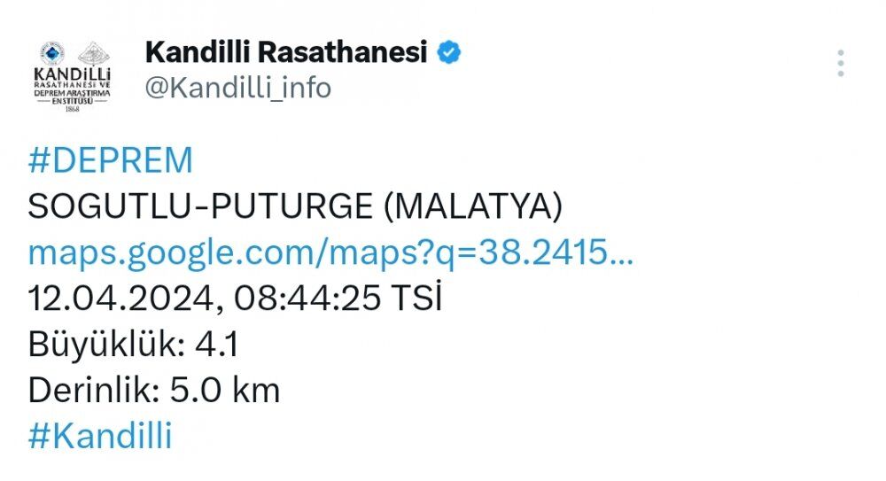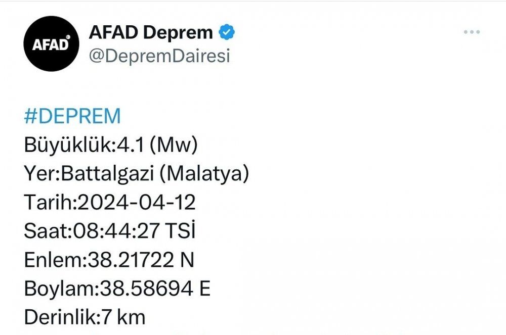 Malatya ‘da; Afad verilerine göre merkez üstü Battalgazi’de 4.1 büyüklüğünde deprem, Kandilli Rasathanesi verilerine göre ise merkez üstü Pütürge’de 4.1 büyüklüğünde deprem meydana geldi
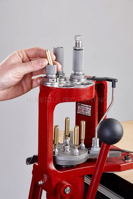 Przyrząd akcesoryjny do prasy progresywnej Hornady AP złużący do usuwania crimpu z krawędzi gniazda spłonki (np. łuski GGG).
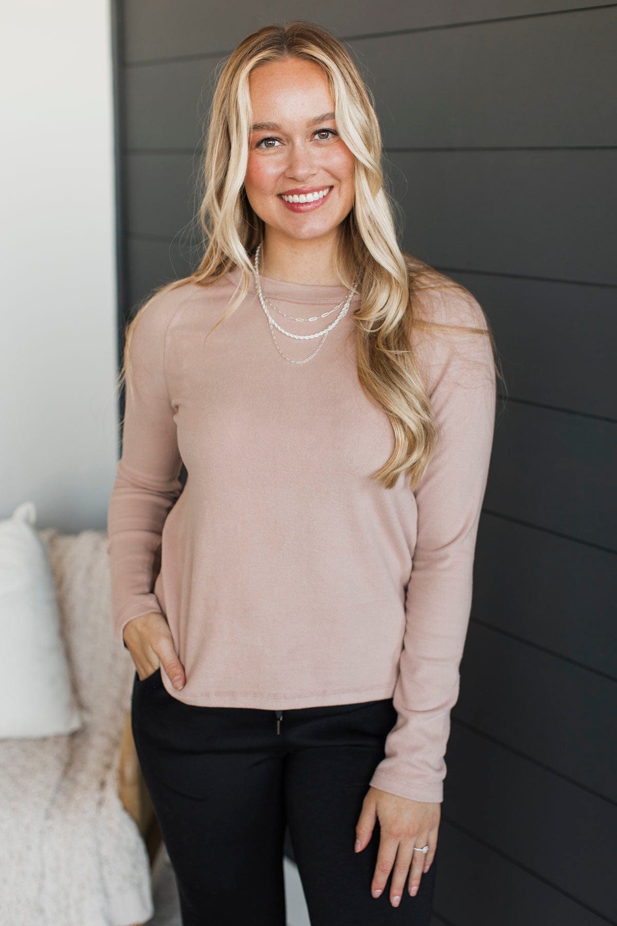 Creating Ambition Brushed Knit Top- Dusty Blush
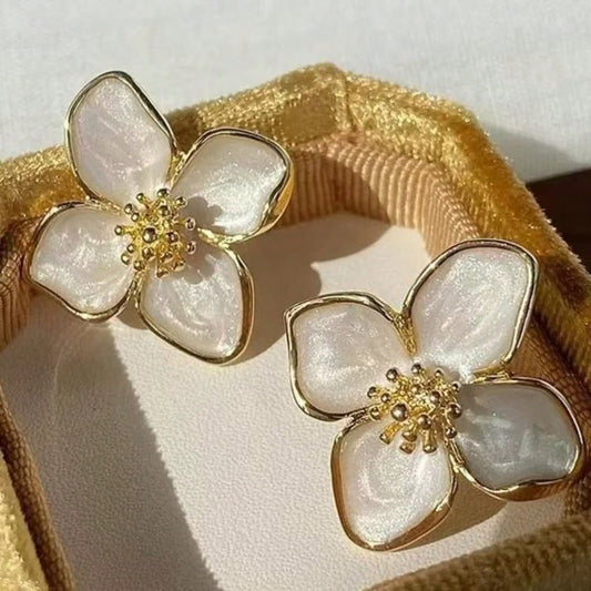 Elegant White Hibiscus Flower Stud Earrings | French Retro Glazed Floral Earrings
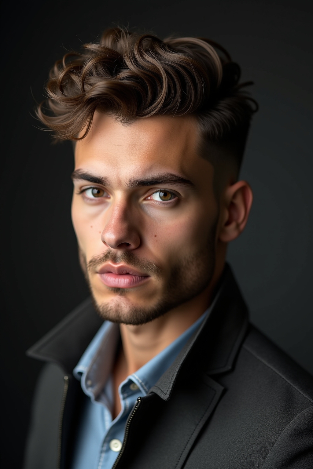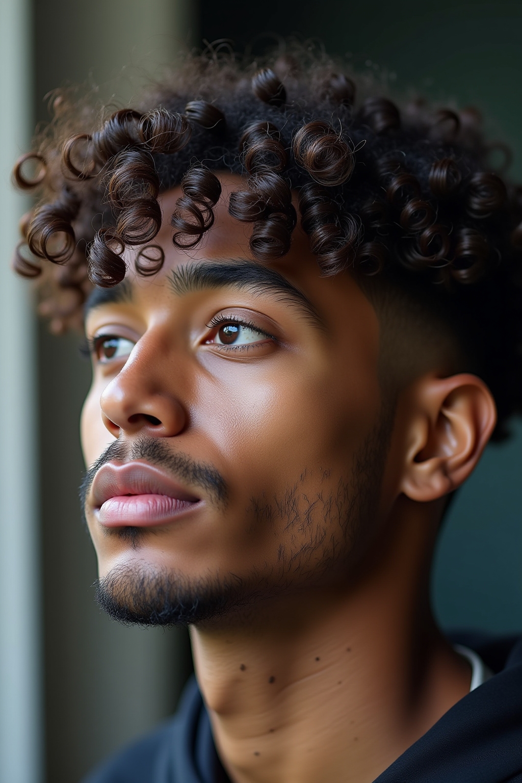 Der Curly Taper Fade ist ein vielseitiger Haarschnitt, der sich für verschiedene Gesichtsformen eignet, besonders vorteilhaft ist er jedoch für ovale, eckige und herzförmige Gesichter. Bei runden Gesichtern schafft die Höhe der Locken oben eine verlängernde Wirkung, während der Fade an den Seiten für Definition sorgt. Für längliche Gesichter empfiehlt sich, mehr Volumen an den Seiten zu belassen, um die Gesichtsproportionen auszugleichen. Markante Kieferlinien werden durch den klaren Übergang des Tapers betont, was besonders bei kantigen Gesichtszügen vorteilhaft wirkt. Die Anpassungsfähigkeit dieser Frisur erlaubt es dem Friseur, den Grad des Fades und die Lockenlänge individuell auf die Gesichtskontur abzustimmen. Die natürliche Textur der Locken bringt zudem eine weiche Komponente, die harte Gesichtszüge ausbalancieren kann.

--

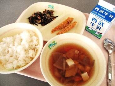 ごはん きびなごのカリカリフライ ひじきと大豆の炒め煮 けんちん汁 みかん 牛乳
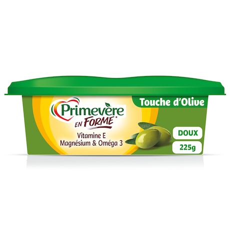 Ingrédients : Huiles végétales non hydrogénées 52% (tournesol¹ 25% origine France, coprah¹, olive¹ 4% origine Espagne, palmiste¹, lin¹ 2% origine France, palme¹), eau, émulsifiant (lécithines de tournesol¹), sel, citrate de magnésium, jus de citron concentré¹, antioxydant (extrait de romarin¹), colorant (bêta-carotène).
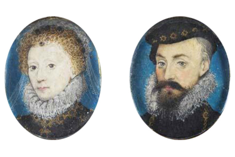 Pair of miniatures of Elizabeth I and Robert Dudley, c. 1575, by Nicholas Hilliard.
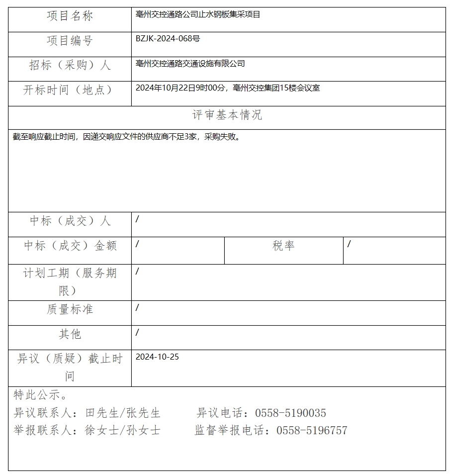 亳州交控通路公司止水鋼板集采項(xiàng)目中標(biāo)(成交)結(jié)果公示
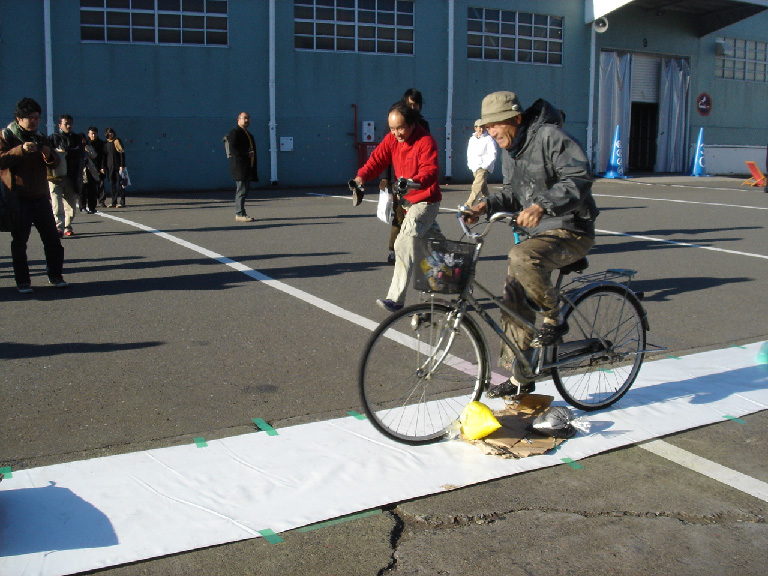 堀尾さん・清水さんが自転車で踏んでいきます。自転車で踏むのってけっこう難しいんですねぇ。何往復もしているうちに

DESCRIPTION OF THE TASK ▸
The lines to reproduce run from the one above containing "Creating Ambition Brushed" through the one containing "Elegant White Hibiscus". Copy them exactly and leave out all pictures.

RESPONSE BELOW ▸
 Creating Ambition Brushed Knit Top- Dusty Blush
 Elegant White Hibiscus Flower Stud Earrings | French Retro Glazed Floral Earrings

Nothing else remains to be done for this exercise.